Data in this exercise:
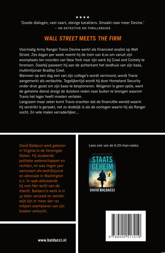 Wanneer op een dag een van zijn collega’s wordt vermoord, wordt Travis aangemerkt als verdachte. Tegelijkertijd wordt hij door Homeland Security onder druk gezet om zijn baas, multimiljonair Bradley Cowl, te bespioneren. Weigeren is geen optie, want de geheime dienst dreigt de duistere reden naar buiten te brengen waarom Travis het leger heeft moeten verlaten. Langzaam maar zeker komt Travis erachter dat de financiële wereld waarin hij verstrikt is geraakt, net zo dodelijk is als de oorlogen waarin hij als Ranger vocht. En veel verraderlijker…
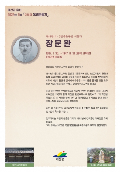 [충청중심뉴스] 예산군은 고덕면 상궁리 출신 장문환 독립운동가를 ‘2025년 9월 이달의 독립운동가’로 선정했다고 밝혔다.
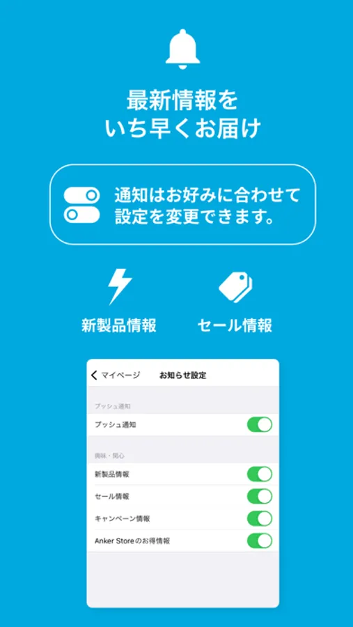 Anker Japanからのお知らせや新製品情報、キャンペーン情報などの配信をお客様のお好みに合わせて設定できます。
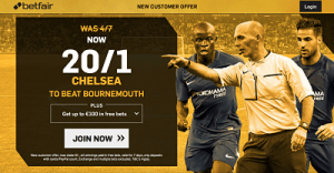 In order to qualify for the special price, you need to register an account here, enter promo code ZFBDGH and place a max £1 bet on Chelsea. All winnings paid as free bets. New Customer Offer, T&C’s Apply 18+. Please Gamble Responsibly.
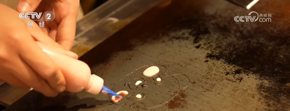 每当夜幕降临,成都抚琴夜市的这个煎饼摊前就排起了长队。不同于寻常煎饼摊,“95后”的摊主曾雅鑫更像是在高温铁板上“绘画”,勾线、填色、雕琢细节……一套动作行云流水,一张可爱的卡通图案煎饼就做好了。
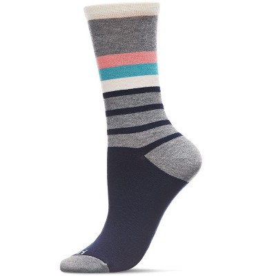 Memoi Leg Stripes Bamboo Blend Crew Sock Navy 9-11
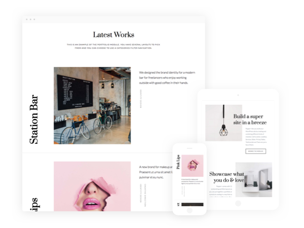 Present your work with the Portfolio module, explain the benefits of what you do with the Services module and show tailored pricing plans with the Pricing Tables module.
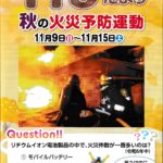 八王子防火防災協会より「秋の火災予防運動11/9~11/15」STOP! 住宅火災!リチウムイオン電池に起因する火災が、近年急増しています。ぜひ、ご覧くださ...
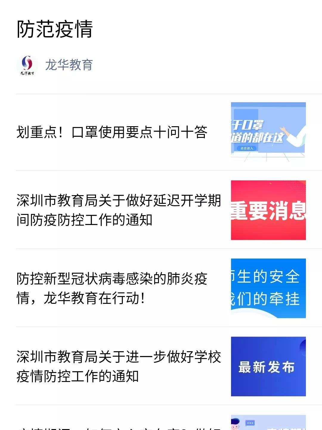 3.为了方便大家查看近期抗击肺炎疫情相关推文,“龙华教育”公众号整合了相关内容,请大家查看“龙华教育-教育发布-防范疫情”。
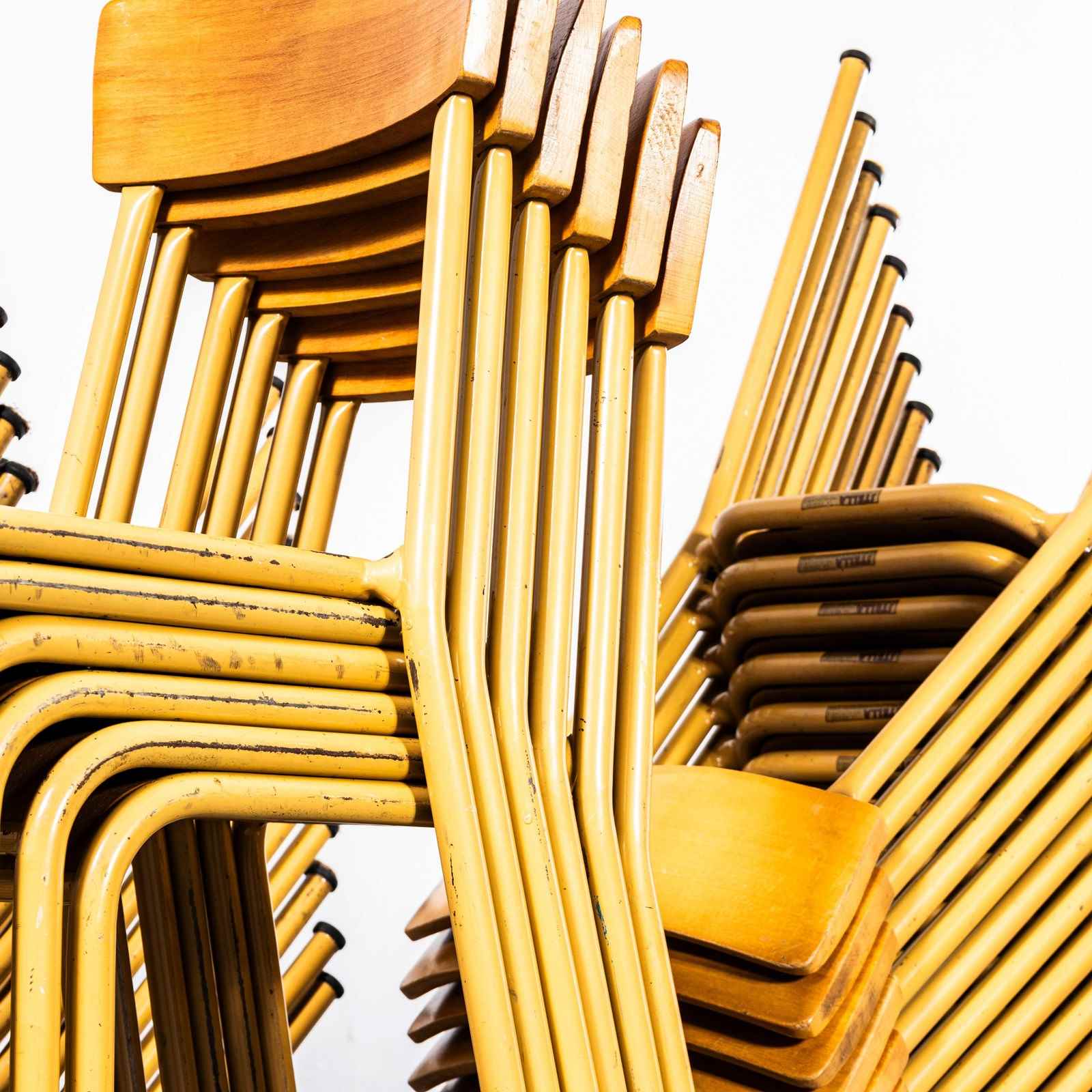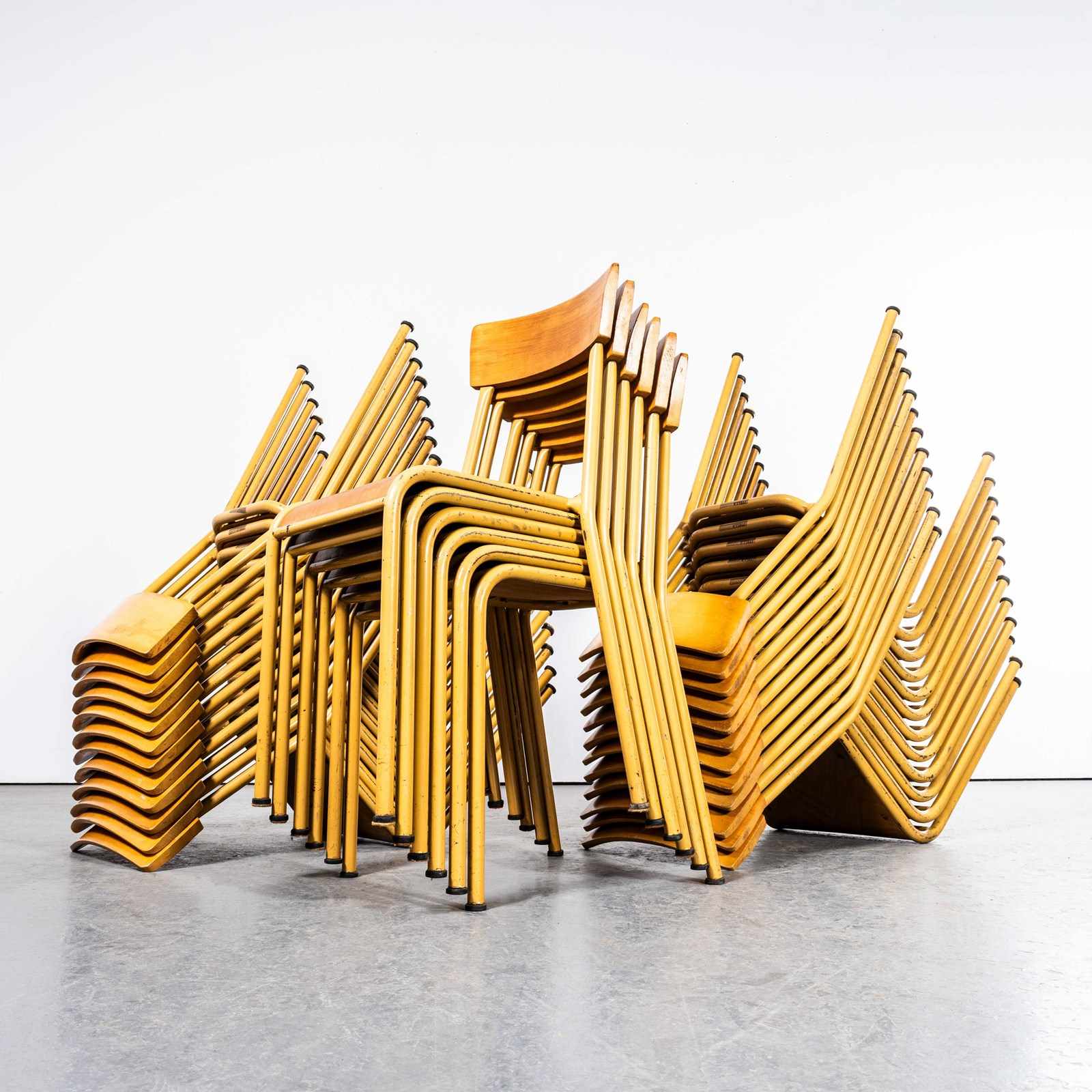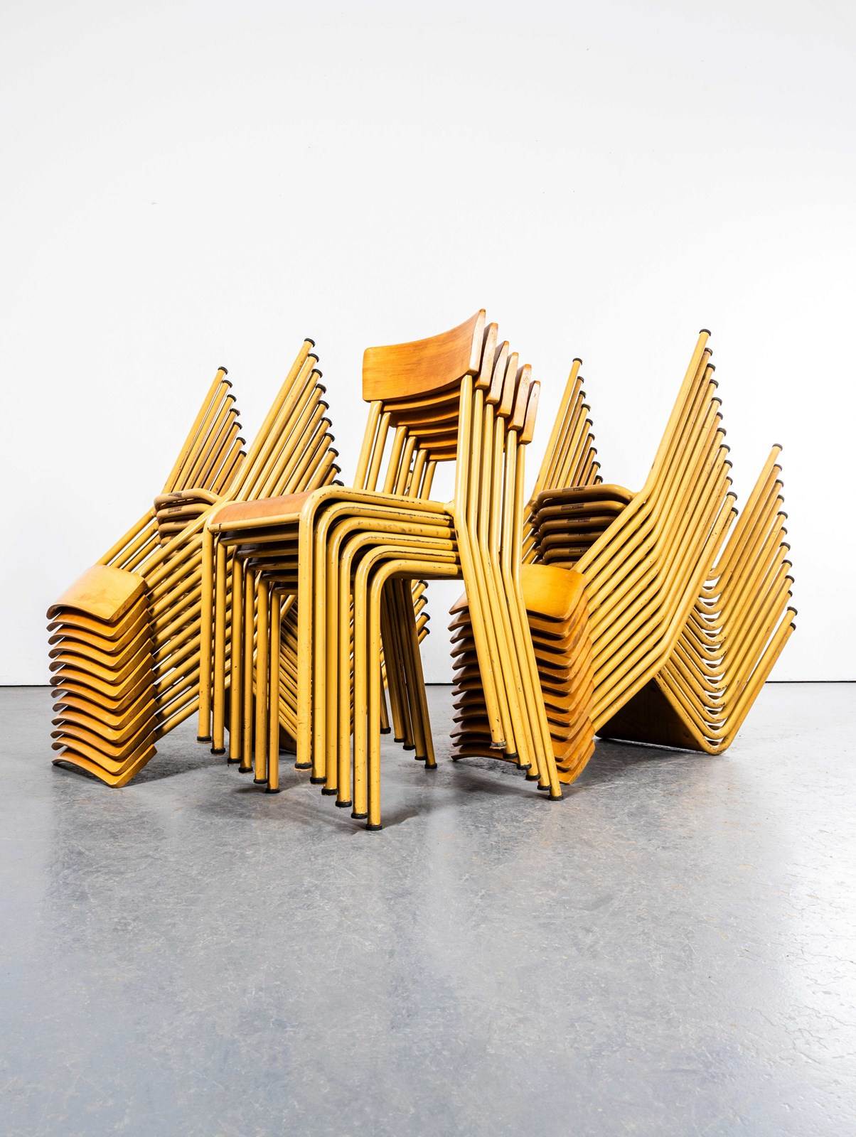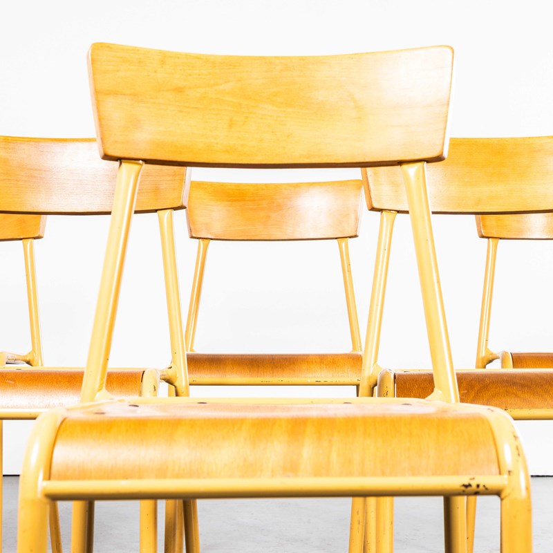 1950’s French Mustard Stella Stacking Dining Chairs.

Requirement:
Pictures stay out. Print the lines of the records above exactly, from the first through the one with "Anker Japanからの".

Result:
 Wanneer op een dag een van zijn collega’s wordt vermoord, wordt Travis aangemerkt als verdachte. Tegelijkertijd wordt hij door Homeland Security onder druk gezet om zijn baas, multimiljonair Bradley Cowl, te bespioneren. Weigeren is geen optie, want de geheime dienst dreigt de duistere reden naar buiten te brengen waarom Travis het leger heeft moeten verlaten. Langzaam maar zeker komt Travis erachter dat de financiële wereld waarin hij verstrikt is geraakt, net zo dodelijk is als de oorlogen waarin hij als Ranger vocht. En veel verraderlijker…
 [충청중심뉴스] 예산군은 고덕면 상궁리 출신 장문환 독립운동가를 ‘2025년 9월 이달의 독립운동가’로 선정했다고 밝혔다.
 Anker Japanからのお知らせや新製品情報、キャンペーン情報などの配信をお客様のお好みに合わせて設定できます。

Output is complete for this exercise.